And it introduces tariffs on EU goods like beef, chicken, lamb, pork and Cheddar-style cheese if MPs vote to leave without a deal.
This would result in a 255g Tesco rump steak from Ireland going up £2 from £3.80 to £5.80, thanks to a 53 per cent tariff, and a 265g Dutch gouda cheese at the same supermarket up 30p from £2.25 to £2.55, thanks to a 13 per cent tariff.
But tariffs will be slashed on imports from outside the EU, potentially lowering prices on goods from countries like the US and China, in a move which unions warned would ‘destroy’ jobs in manufacturing sectors like steel.

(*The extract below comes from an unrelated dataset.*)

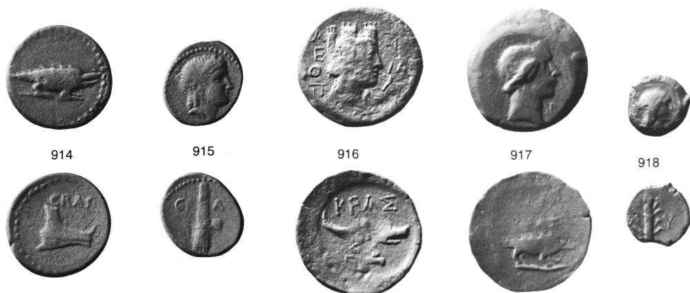
Fig. 3. Série au nom de Crassus (numéros RPC).

Dionysos qui apparaît sur la plus grande dénomination. A. Chapman a repris cette datation 50 . Le fait que le buste d'Artémis du monnayage latin de L. Lollius soit similaire stylistiquement à celui qui figure au droit de certaines monnaies de Cnossos pourrait indiquer qu'ils sont contemporains ou que les bronzes de Cnossos suivent de près les monnaies communes 51 . En effet, la proximité stylistique est telle que l'on peut supposer qu'un même artisan a gravé les coins ou bien qu'un graveur s'est inspiré de l'une des monnaies pour graver le coin destiné à l'autre monnayage. Les deux séries ont dû circuler à la même période. Le monnayage de Cnossos est forcément postérieur à 36 ou 27, dates supposées de la fondation de la colonie, mais celui de la double province peut tout à fait être bien antérieur, mais circuler encore en 36 ou en 27. Pour M. Grant un monnayage portant la marque du pouvoir romain, mais pas de titulature officielle, serait incorrect dans une province, mais acceptable sur une terre royale. Il propose donc de situer le monnayage entre la date d'acquisition de la province par

Products that could be affected include clothing and cutlery, which both currently have an import tariff into the EU of 12 per cent.
What will Britain’s temporary import tariffs be for No Deal?
Proposed tariff rates on a range of products have been announced as a proportion of the so-called ‘most favoured nation’ (MFN).
This is currently imposed by the EU on imports from countries which do not have a free trade agreement.
The rates are as a percentage of MFN:
- Beef: 53%
- Poultry meat: 60%
- Sheep meat: 100%
- Pig meat: 13%
- Butter: 32%
- Cheddar-like cheese: 13%
- Protected fish and seafood: 100%
- Milled/semi-milled products: 83%
- Finished cars and trucks: 10.6%
- Finished buses: 12.6%
- Mineral products 0.2%
- Chemical products: 0.1%
- Fertilisers: 2.1%
- Plastics and rubber: 0.1%
- Leather and hides: 0.2%
- Textiles and textile products: 0.9%
- Stone and cement: 0.3%
- Ceramics: 1.2%
- Glass: 0.2%
- Transport equipment: 2.9%
Meanwhile, the European Commission confirmed that after a no-deal Brexit, the EU will impose tariffs on UK imports equivalent to those on other non-EU countries with no trade agreement, in a move which would result in higher prices for many British exports in European markets.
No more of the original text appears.